Digital security is something that’s on the mind of every company that owns any device more modern than a typewrite these days, and for good reason. A breach of information can be catastrophic for customers and for a business’s reputation, and it’s hard to think of a more appealing target than an airport. Not only do some handle hundreds of flights per day, but also the personal information of hundreds of thousands of passengers.
A new report from McAfee presents troubling research on the prevalence of remote desktop protocol (RDP) attacks, which offer anyone with a Tor connection and a Bitcoin wallet credentials to remotely connect to a system. The research highlights compromised internal systems of an unnamed airport, but the overall message is that remote logins for millions of machines are now a commodity — and a cheap one at that.
The headline scary thing is that McAfee’s researchers found logins for sale for just $10 that granted access to an airport’s building security (say, door locks) and video surveillance tools, as well as something related to the inter-terminal transit system. The implications are obviously terrifying — there’s no point in access badges if some guy with a remote desktop session can just unlock the doors — but what’s worse is how hackers are able to sell the exploits in the first place.

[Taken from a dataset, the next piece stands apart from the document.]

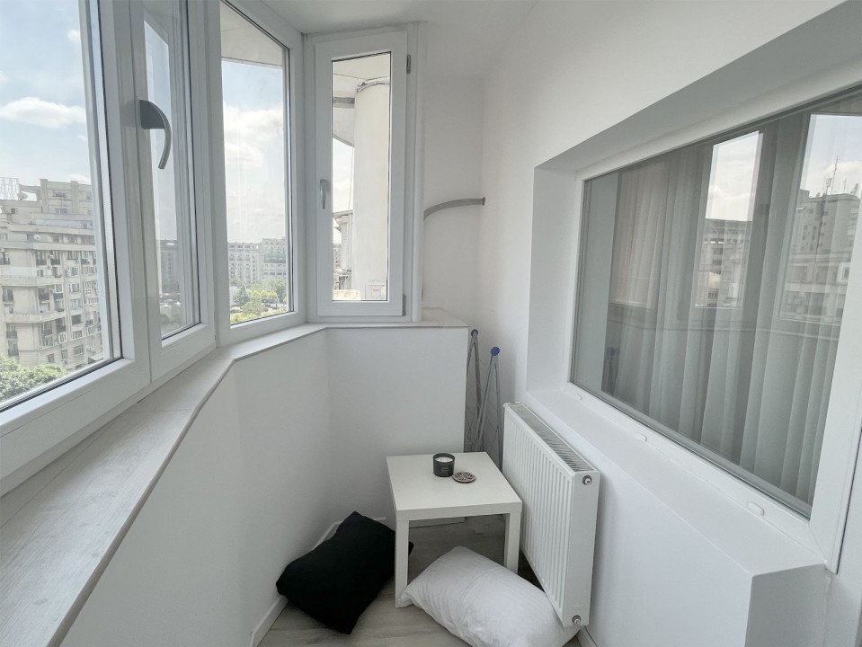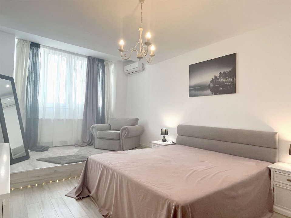 Apartament 3 camere total renovat, cu centrala termica proprie, Bucataria complet echipata, inclusiv masina de spalat vase, spatiul de luat masa, A/C, canapea si TV 180 cm.Are 2 dormitoare, 1 Dormitor:pat, spatii de depozitare, birou, fereastra franceza orientata spre Est, A/C, balcon;2 Dormitor: pat, spatii de depozitare, TV, A/C, fereastra spre balcon, orientare Vest.Sunt 2 bai, Baia mare cu cada si fereastra, Baie de serviciu cu dus.Apartamentul se afla la etajul 9/9, Piata Alba Iulia-Decebal, bloc cu 2 intrari si este supravegheat video 24/24.

“Attackers simply scan the Internet for systems that accept RDP connections and launch a brute-force attack with popular tools such as, Hydra, NLBrute or RDP Forcer to gain access,” the report says “These tools combine password dictionaries with the vast number of credentials stolen in recent large data breaches.”
Once they have logins, attackers are able to monetize the system in a variety of ways. Even if the machines don’t have any valuable data on them, hackers can harness hundreds of thousands of vulnerable systems into a “botnet” that can be used to send spam, mine cryptocurrency, or conduct distributed denial of service attacks against specific targets to take websites or services offline.
Dumb compromised machines are their own currency on the worse parts of the internet, and according to this report, the trade is bustling:
The McAfee Advanced Threat Research team looked at several RDP shops, ranging in size from 15 to more than 40,000 RDP connections for sale at Ultimate Anonymity Service (UAS), a Russian business and the largest active shop we researched. We also looked at smaller shops found through forum searches and chats. During the course of our research we noticed that the size of the bigger shops varies from day to day with about 10%.
Of course, some systems might contain user data, such as credit card info or medical data. Unfortunately, as the researchers point out, the kind of “thin” systems that are often deployed for point-of-sale systems or kiosks are also often the most infrequently updated and most vulnerable to RDP attacks, essentially due to the law of probabilities (with so many machines, some will be vulnerable) and laziness.
Ultimately, all’s well that ends well: In this instance, McAfee notified the airport in question, who patched the vulnerabilities and presumably gave their software vendors a stern talking to. But with the volume of compromised systems being sold, it’s a question of when and not if another juicy target becomes available for sale.